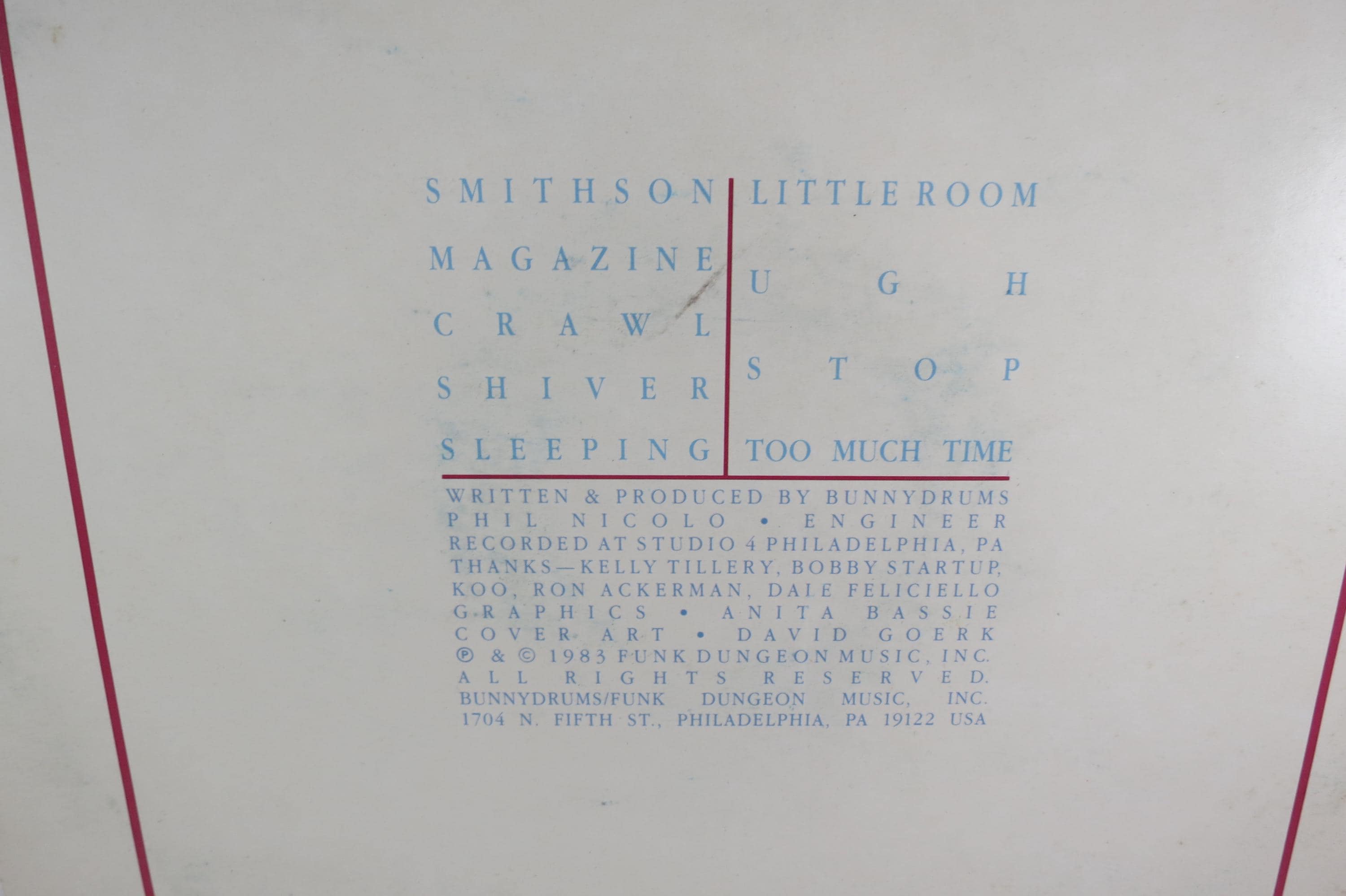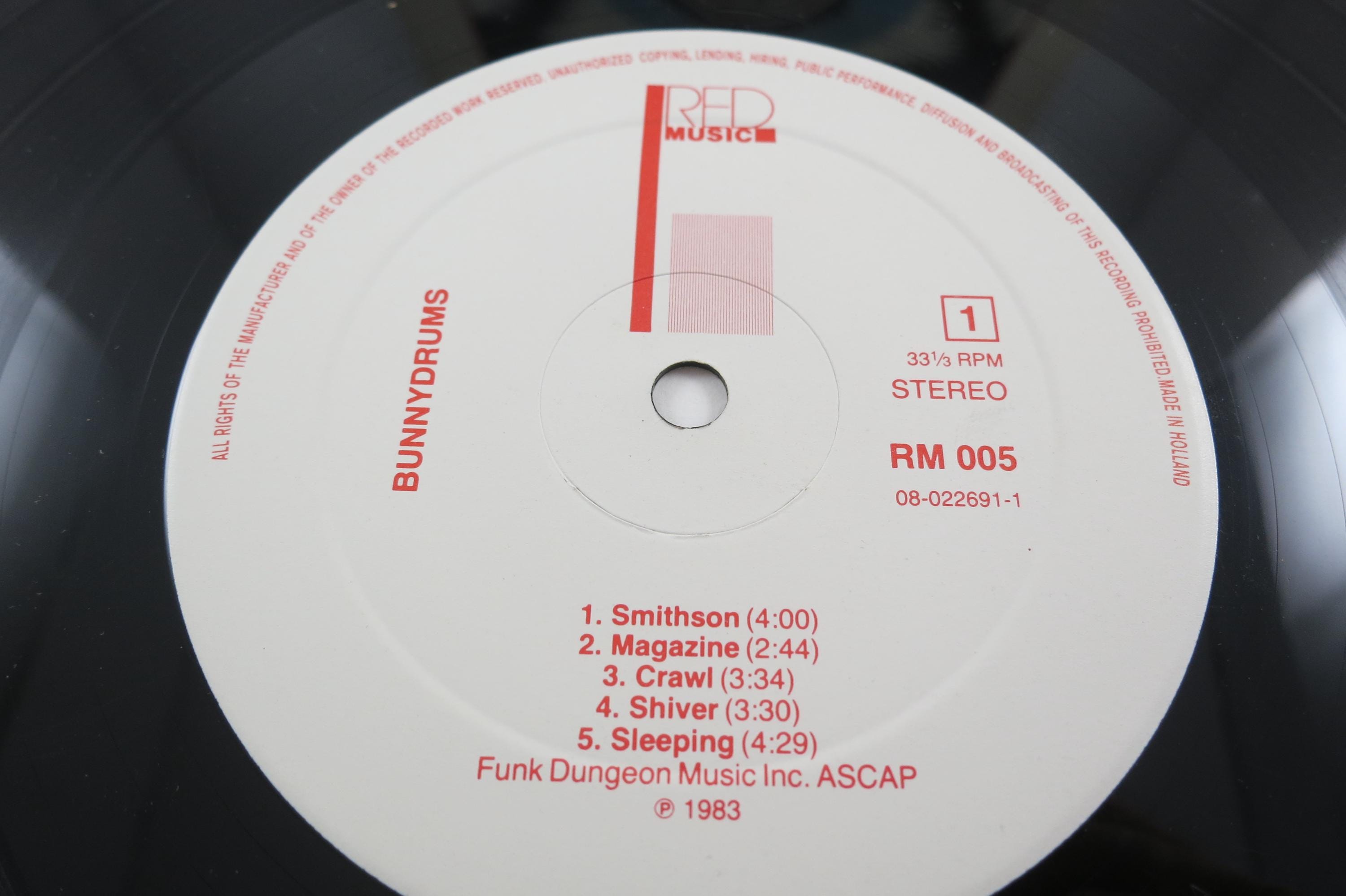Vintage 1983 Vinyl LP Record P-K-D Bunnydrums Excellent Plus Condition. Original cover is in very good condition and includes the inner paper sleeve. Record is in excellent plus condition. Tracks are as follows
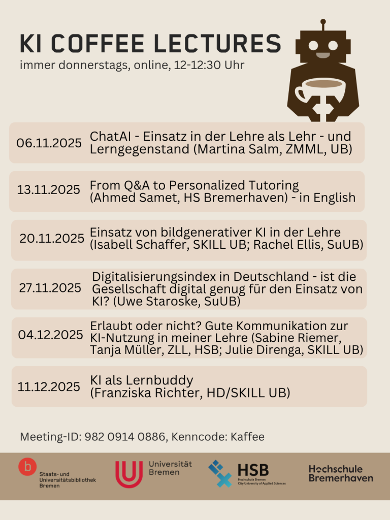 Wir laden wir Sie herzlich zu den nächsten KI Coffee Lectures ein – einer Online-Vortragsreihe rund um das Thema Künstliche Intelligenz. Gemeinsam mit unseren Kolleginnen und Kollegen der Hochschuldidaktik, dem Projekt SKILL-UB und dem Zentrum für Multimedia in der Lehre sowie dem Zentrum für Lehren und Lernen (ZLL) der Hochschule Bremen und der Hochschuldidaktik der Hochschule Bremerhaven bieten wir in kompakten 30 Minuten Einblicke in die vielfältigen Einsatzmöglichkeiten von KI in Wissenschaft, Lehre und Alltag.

==

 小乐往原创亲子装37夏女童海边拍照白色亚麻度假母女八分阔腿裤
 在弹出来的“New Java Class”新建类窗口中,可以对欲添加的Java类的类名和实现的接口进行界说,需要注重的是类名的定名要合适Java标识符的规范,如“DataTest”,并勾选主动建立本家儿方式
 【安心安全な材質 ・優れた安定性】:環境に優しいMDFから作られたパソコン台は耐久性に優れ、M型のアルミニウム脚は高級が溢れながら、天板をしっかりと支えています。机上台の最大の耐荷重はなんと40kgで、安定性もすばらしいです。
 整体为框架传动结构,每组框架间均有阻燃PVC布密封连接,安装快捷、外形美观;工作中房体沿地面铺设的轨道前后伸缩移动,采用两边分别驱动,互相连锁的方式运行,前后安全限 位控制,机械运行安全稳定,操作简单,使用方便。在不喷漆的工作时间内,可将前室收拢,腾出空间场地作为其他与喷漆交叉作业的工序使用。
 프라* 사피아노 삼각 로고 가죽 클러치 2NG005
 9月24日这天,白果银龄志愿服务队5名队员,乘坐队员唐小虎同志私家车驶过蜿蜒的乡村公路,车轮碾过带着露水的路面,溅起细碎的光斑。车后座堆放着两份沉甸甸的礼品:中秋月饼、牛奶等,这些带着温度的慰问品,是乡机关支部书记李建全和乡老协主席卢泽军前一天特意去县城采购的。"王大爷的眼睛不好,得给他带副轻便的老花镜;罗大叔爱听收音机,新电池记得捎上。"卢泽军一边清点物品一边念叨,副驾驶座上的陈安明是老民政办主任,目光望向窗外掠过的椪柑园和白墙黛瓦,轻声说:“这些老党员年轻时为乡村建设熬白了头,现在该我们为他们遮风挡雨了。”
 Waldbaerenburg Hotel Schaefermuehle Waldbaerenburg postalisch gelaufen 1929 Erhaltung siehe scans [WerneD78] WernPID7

==

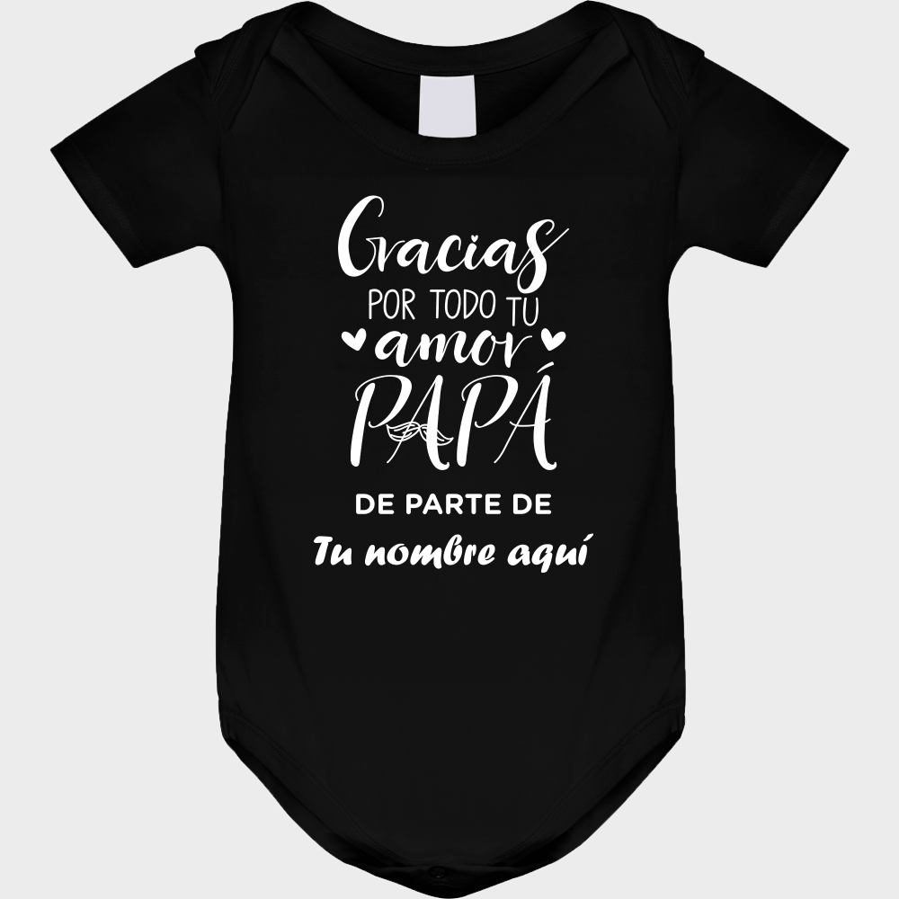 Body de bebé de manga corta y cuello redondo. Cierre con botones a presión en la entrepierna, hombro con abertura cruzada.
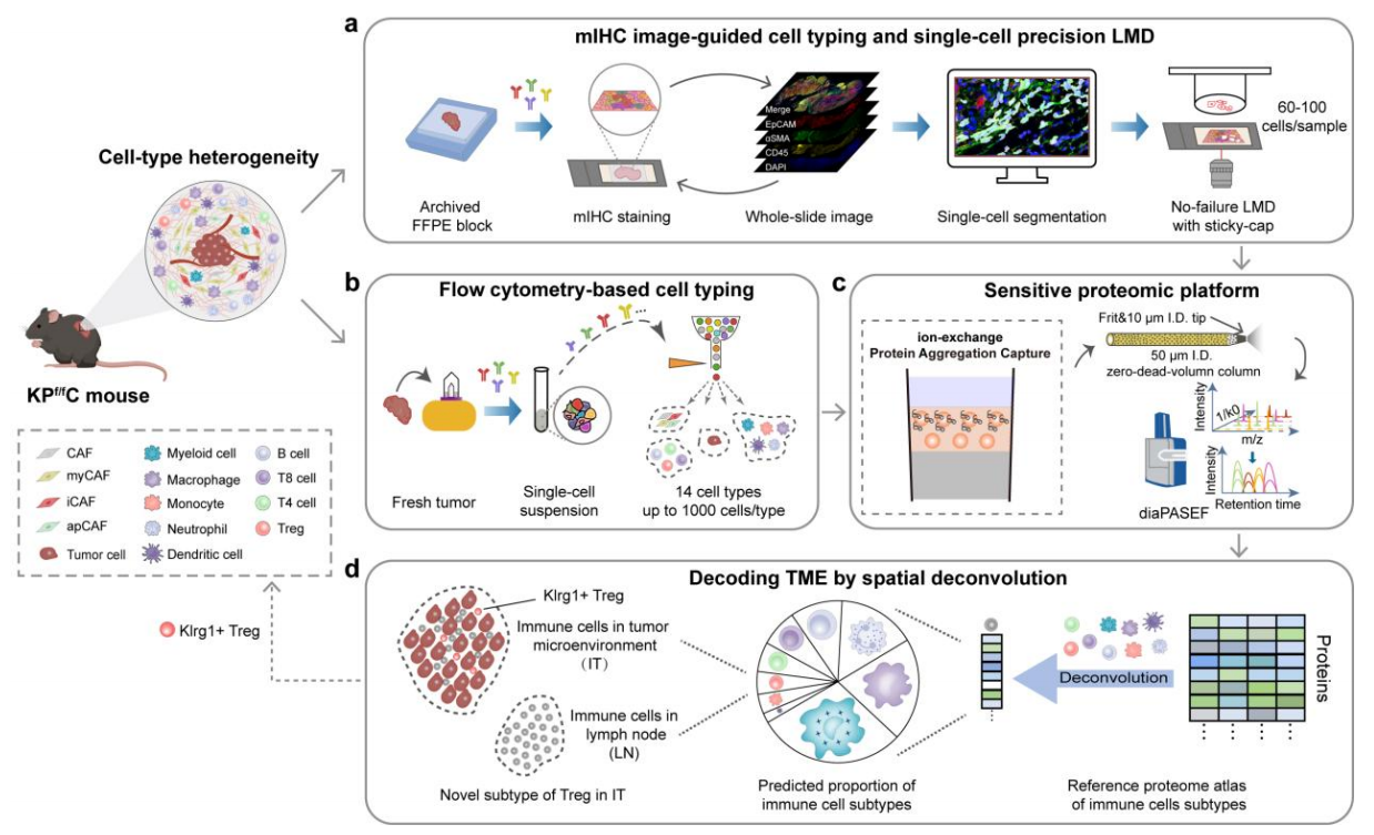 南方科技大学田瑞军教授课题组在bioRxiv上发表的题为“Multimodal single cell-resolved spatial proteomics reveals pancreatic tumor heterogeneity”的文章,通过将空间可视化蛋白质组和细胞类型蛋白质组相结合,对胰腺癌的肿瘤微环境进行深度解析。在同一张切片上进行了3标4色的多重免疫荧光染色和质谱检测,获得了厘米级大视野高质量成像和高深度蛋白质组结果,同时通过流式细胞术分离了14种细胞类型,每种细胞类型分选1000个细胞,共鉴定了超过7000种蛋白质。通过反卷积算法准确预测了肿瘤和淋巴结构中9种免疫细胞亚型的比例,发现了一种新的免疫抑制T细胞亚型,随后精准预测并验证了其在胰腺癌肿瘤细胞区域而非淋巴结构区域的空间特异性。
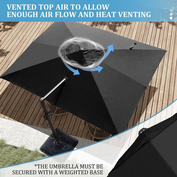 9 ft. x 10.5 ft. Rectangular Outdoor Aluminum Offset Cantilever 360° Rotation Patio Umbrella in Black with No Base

### Work task:
Above are the records; copy exactly the lines from the line with "整体为框架传动结构,每组框架" through the line with "Waldbaerenburg Hotel Schaefermuehle", both included.

### Result of the task:
 整体为框架传动结构,每组框架间均有阻燃PVC布密封连接,安装快捷、外形美观;工作中房体沿地面铺设的轨道前后伸缩移动,采用两边分别驱动,互相连锁的方式运行,前后安全限 位控制,机械运行安全稳定,操作简单,使用方便。在不喷漆的工作时间内,可将前室收拢,腾出空间场地作为其他与喷漆交叉作业的工序使用。
 프라* 사피아노 삼각 로고 가죽 클러치 2NG005
 9月24日这天,白果银龄志愿服务队5名队员,乘坐队员唐小虎同志私家车驶过蜿蜒的乡村公路,车轮碾过带着露水的路面,溅起细碎的光斑。车后座堆放着两份沉甸甸的礼品:中秋月饼、牛奶等,这些带着温度的慰问品,是乡机关支部书记李建全和乡老协主席卢泽军前一天特意去县城采购的。"王大爷的眼睛不好,得给他带副轻便的老花镜;罗大叔爱听收音机,新电池记得捎上。"卢泽军一边清点物品一边念叨,副驾驶座上的陈安明是老民政办主任,目光望向窗外掠过的椪柑园和白墙黛瓦,轻声说:“这些老党员年轻时为乡村建设熬白了头,现在该我们为他们遮风挡雨了。”
 Waldbaerenburg Hotel Schaefermuehle Waldbaerenburg postalisch gelaufen 1929 Erhaltung siehe scans [WerneD78] WernPID7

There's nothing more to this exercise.